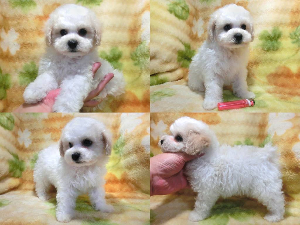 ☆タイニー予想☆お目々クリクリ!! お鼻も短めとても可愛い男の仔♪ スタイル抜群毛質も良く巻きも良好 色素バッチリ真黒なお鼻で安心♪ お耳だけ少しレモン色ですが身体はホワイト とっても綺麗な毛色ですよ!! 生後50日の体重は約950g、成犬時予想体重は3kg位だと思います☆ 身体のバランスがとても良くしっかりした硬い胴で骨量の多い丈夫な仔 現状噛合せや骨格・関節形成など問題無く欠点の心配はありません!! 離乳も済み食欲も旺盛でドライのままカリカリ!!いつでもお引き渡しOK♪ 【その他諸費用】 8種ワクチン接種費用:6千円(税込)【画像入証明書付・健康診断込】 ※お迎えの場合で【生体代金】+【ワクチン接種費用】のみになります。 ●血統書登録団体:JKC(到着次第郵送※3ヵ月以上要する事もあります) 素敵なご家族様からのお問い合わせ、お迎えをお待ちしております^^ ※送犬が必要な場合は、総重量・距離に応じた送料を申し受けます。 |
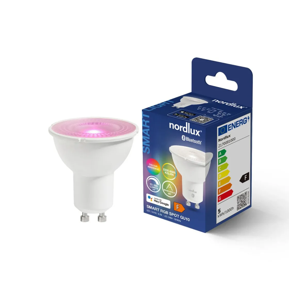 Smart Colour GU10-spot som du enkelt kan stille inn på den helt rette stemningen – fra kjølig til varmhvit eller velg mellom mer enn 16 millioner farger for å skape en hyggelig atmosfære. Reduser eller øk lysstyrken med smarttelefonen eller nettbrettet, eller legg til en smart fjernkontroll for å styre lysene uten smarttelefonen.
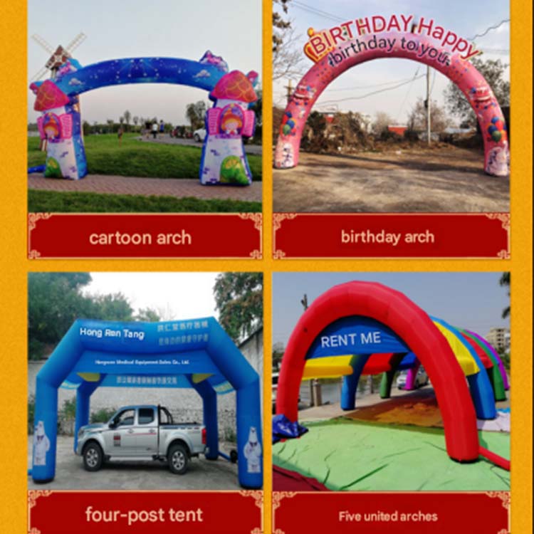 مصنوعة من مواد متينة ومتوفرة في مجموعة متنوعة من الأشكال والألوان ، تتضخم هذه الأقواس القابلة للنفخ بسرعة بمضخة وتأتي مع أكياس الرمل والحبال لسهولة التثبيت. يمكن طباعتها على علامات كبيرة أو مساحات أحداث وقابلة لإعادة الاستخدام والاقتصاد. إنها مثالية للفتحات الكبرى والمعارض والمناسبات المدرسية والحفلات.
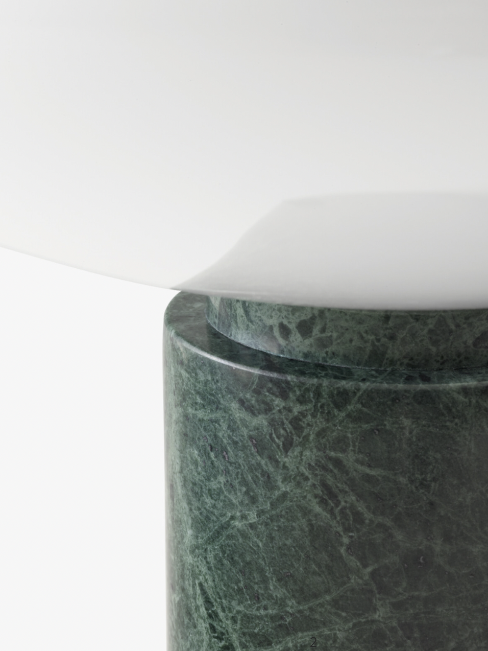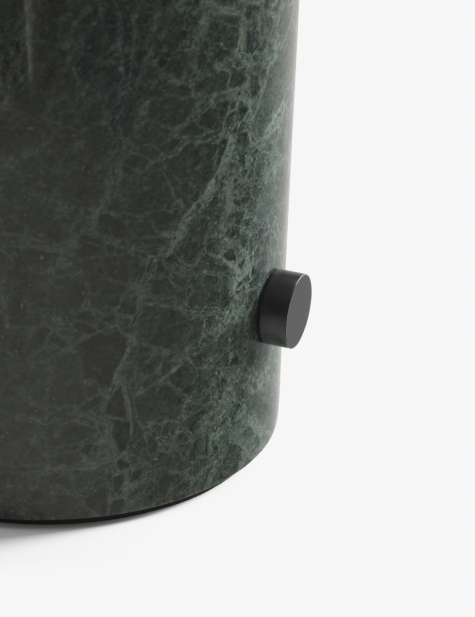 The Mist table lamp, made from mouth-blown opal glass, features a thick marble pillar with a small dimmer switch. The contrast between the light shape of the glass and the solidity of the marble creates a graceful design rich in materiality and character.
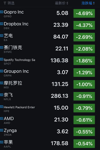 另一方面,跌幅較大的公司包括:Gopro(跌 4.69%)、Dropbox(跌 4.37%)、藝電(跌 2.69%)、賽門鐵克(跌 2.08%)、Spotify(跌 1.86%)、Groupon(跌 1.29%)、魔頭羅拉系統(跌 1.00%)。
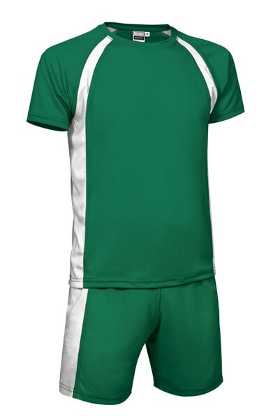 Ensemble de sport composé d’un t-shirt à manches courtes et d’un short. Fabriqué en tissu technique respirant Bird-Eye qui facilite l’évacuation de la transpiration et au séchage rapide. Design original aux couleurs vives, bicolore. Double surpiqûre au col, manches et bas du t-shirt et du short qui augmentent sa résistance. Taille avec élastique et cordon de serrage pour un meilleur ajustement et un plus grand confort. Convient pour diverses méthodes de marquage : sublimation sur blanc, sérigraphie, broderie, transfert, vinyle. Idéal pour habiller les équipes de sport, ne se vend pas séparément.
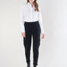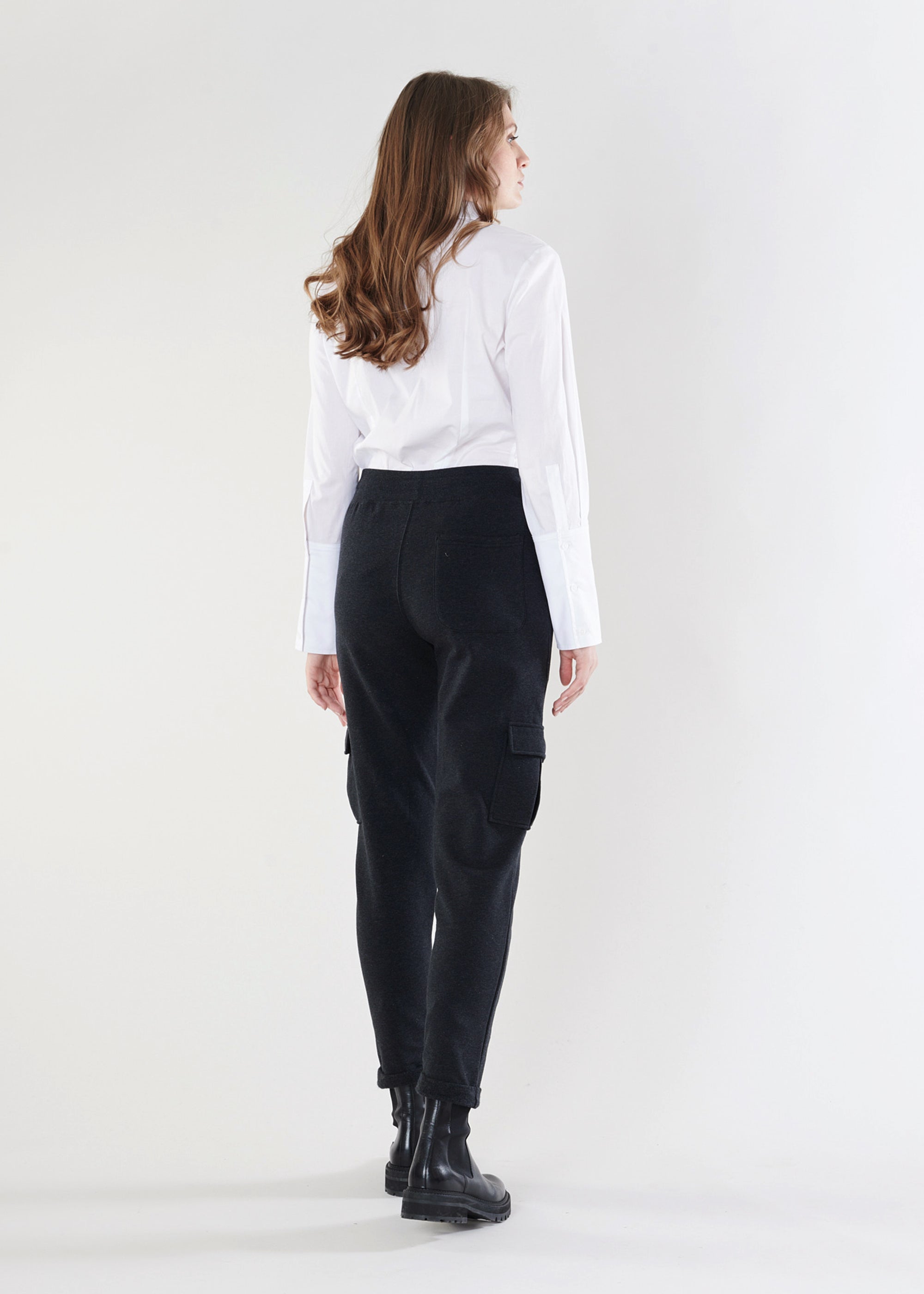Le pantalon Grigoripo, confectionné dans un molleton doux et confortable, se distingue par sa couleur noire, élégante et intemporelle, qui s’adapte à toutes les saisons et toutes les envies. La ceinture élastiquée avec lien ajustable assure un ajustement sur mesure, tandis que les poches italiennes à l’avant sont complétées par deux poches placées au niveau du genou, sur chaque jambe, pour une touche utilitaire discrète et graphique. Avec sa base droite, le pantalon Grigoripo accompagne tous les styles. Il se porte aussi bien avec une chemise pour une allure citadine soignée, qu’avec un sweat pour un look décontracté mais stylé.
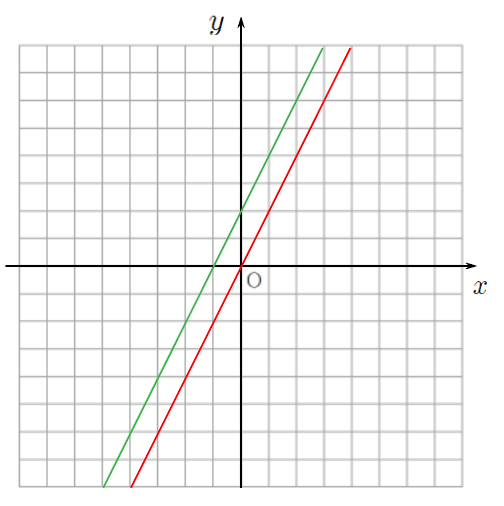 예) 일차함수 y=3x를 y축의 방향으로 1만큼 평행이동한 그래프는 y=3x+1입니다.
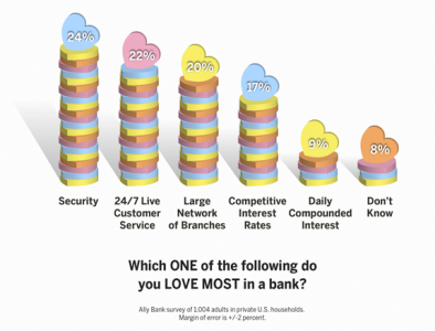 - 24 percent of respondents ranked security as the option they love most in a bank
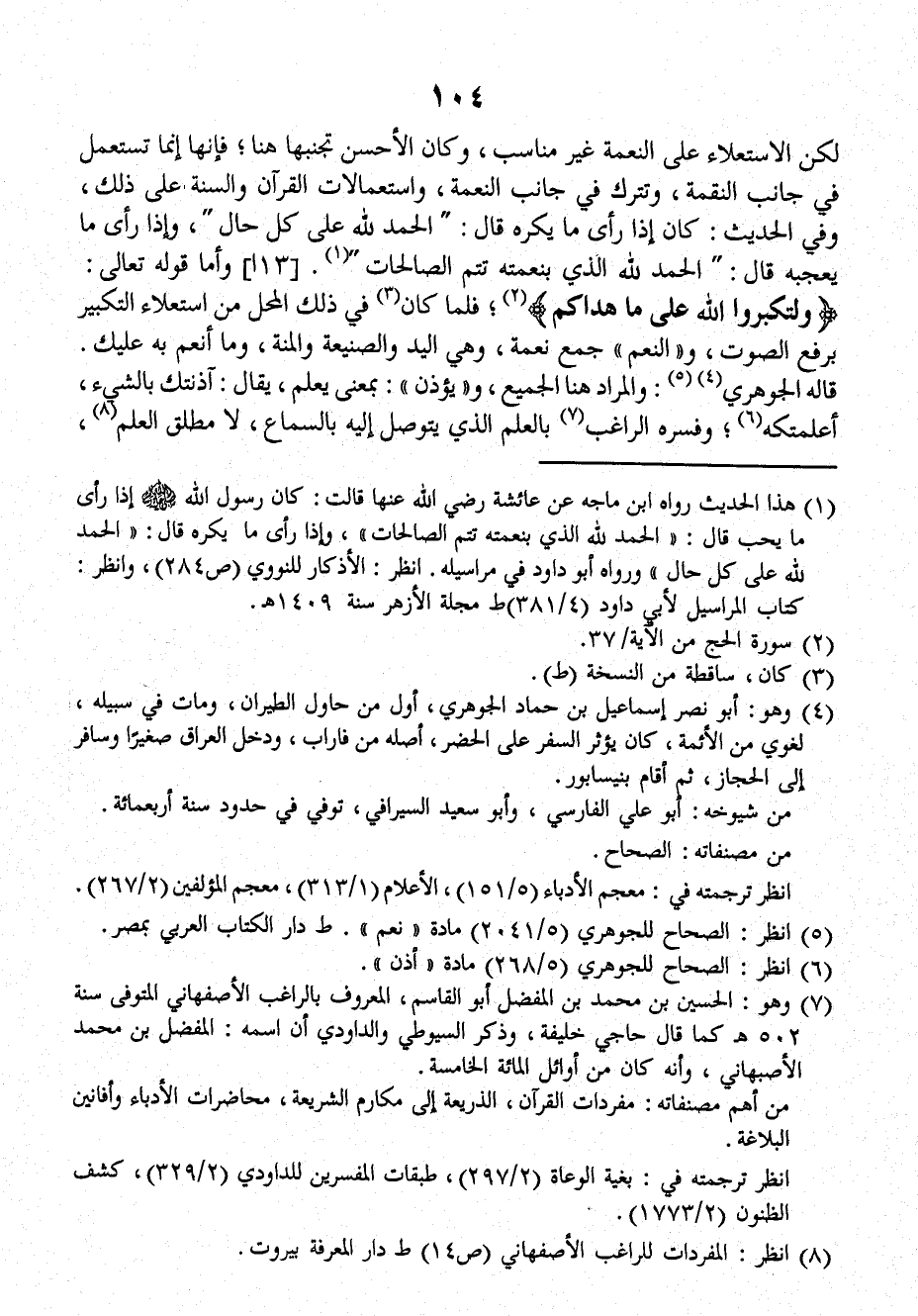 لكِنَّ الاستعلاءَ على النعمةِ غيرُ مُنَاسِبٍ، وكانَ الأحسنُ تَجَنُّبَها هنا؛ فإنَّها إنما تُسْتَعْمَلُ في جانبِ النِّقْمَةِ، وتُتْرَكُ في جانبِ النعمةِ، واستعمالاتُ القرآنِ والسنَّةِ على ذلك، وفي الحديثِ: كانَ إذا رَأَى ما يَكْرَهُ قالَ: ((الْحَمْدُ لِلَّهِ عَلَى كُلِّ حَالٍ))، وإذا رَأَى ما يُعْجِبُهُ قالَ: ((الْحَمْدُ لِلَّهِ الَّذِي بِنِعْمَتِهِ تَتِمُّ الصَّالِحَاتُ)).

+ + + + +

• [THE TASK] If an entry contains a picture, leave it out and repeat the rest exactly.

• [RESULT]
 ☆タイニー予想☆お目々クリクリ!! お鼻も短めとても可愛い男の仔♪ スタイル抜群毛質も良く巻きも良好 色素バッチリ真黒なお鼻で安心♪ お耳だけ少しレモン色ですが身体はホワイト とっても綺麗な毛色ですよ!! 生後50日の体重は約950g、成犬時予想体重は3kg位だと思います☆ 身体のバランスがとても良くしっかりした硬い胴で骨量の多い丈夫な仔 現状噛合せや骨格・関節形成など問題無く欠点の心配はありません!! 離乳も済み食欲も旺盛でドライのままカリカリ!!いつでもお引き渡しOK♪ 【その他諸費用】 8種ワクチン接種費用:6千円(税込)【画像入証明書付・健康診断込】 ※お迎えの場合で【生体代金】+【ワクチン接種費用】のみになります。 ●血統書登録団体:JKC(到着次第郵送※3ヵ月以上要する事もあります) 素敵なご家族様からのお問い合わせ、お迎えをお待ちしております^^ ※送犬が必要な場合は、総重量・距離に応じた送料を申し受けます。 |
 Smart Colour GU10-spot som du enkelt kan stille inn på den helt rette stemningen – fra kjølig til varmhvit eller velg mellom mer enn 16 millioner farger for å skape en hyggelig atmosfære. Reduser eller øk lysstyrken med smarttelefonen eller nettbrettet, eller legg til en smart fjernkontroll for å styre lysene uten smarttelefonen.
 مصنوعة من مواد متينة ومتوفرة في مجموعة متنوعة من الأشكال والألوان ، تتضخم هذه الأقواس القابلة للنفخ بسرعة بمضخة وتأتي مع أكياس الرمل والحبال لسهولة التثبيت. يمكن طباعتها على علامات كبيرة أو مساحات أحداث وقابلة لإعادة الاستخدام والاقتصاد. إنها مثالية للفتحات الكبرى والمعارض والمناسبات المدرسية والحفلات.
 The Mist table lamp, made from mouth-blown opal glass, features a thick marble pillar with a small dimmer switch. The contrast between the light shape of the glass and the solidity of the marble creates a graceful design rich in materiality and character.
 另一方面,跌幅較大的公司包括:Gopro(跌 4.69%)、Dropbox(跌 4.37%)、藝電(跌 2.69%)、賽門鐵克(跌 2.08%)、Spotify(跌 1.86%)、Groupon(跌 1.29%)、魔頭羅拉系統(跌 1.00%)。
 Ensemble de sport composé d’un t-shirt à manches courtes et d’un short. Fabriqué en tissu technique respirant Bird-Eye qui facilite l’évacuation de la transpiration et au séchage rapide. Design original aux couleurs vives, bicolore. Double surpiqûre au col, manches et bas du t-shirt et du short qui augmentent sa résistance. Taille avec élastique et cordon de serrage pour un meilleur ajustement et un plus grand confort. Convient pour diverses méthodes de marquage : sublimation sur blanc, sérigraphie, broderie, transfert, vinyle. Idéal pour habiller les équipes de sport, ne se vend pas séparément.
Le pantalon Grigoripo, confectionné dans un molleton doux et confortable, se distingue par sa couleur noire, élégante et intemporelle, qui s’adapte à toutes les saisons et toutes les envies. La ceinture élastiquée avec lien ajustable assure un ajustement sur mesure, tandis que les poches italiennes à l’avant sont complétées par deux poches placées au niveau du genou, sur chaque jambe, pour une touche utilitaire discrète et graphique. Avec sa base droite, le pantalon Grigoripo accompagne tous les styles. Il se porte aussi bien avec une chemise pour une allure citadine soignée, qu’avec un sweat pour un look décontracté mais stylé.
 예) 일차함수 y=3x를 y축의 방향으로 1만큼 평행이동한 그래프는 y=3x+1입니다.
 - 24 percent of respondents ranked security as the option they love most in a bank
 لكِنَّ الاستعلاءَ على النعمةِ غيرُ مُنَاسِبٍ، وكانَ الأحسنُ تَجَنُّبَها هنا؛ فإنَّها إنما تُسْتَعْمَلُ في جانبِ النِّقْمَةِ، وتُتْرَكُ في جانبِ النعمةِ، واستعمالاتُ القرآنِ والسنَّةِ على ذلك، وفي الحديثِ: كانَ إذا رَأَى ما يَكْرَهُ قالَ: ((الْحَمْدُ لِلَّهِ عَلَى كُلِّ حَالٍ))، وإذا رَأَى ما يُعْجِبُهُ قالَ: ((الْحَمْدُ لِلَّهِ الَّذِي بِنِعْمَتِهِ تَتِمُّ الصَّالِحَاتُ)).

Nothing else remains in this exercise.